[Exercise details]:
After finding the line that holds "A dagger of" below, set down that line and the rest through the final one exactly, leaving the pictures out.

[Given data]:
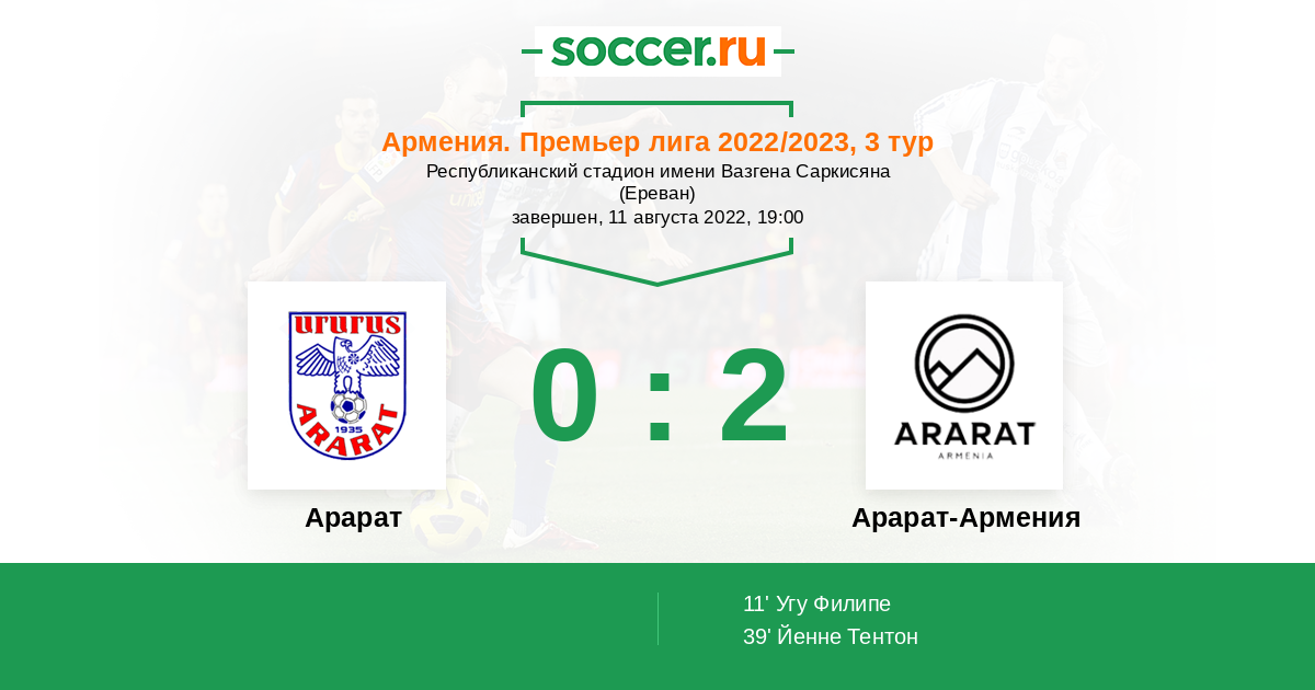 Арарат - Арарат-Армения: обзор матча 11 августа 2022
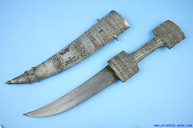 A dagger of fine quality and decoration, of Turkish origin, most probably from East Turkey, with strong Kurdish / Iraqi influence. Late 19 Century. Very good 9 ½ inches curved blade forged from Sham (Low contrast wootz) steel. Dark wood hilt mounted with silver collar, pommel and grip strips and a central grip medallion set with turquoise stone. The scabbard is whole silver on wood, rich in filigree decoration. Maker (or owner) name is soldered in silver wire to the back of the scabbard. Total length in scabbard 21 inches. Very good condition. A fine piece. |
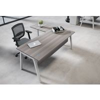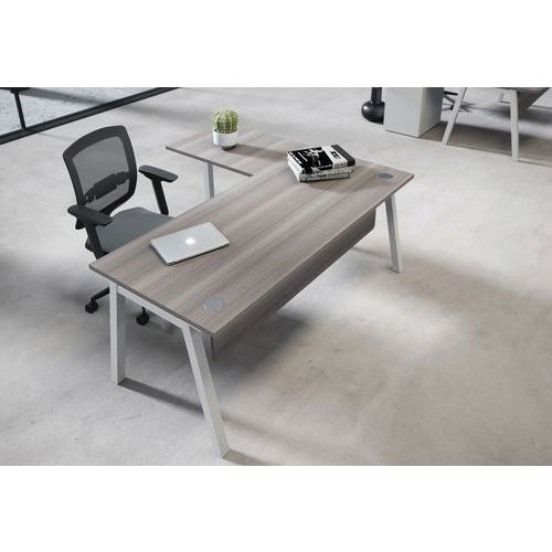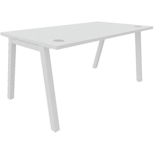 Ideaal individueel bureau met gemelamineerd oppervlak. Stroomvoorziening: het blad is voorzien van afsluiters voor de kabeldoorgangen. Gemelamineerd paneel, blad Structurex® met schokbestendige randen van ABS 2 mm. Onderstel met boogstructuur in de vorm van een schuine “A”. Ideaal voor thuiswerken

[Response to the exercise]:
 A dagger of fine quality and decoration, of Turkish origin, most probably from East Turkey, with strong Kurdish / Iraqi influence. Late 19 Century. Very good 9 ½ inches curved blade forged from Sham (Low contrast wootz) steel. Dark wood hilt mounted with silver collar, pommel and grip strips and a central grip medallion set with turquoise stone. The scabbard is whole silver on wood, rich in filigree decoration. Maker (or owner) name is soldered in silver wire to the back of the scabbard. Total length in scabbard 21 inches. Very good condition. A fine piece. |
 Ideaal individueel bureau met gemelamineerd oppervlak. Stroomvoorziening: het blad is voorzien van afsluiters voor de kabeldoorgangen. Gemelamineerd paneel, blad Structurex® met schokbestendige randen van ABS 2 mm. Onderstel met boogstructuur in de vorm van een schuine “A”. Ideaal voor thuiswerken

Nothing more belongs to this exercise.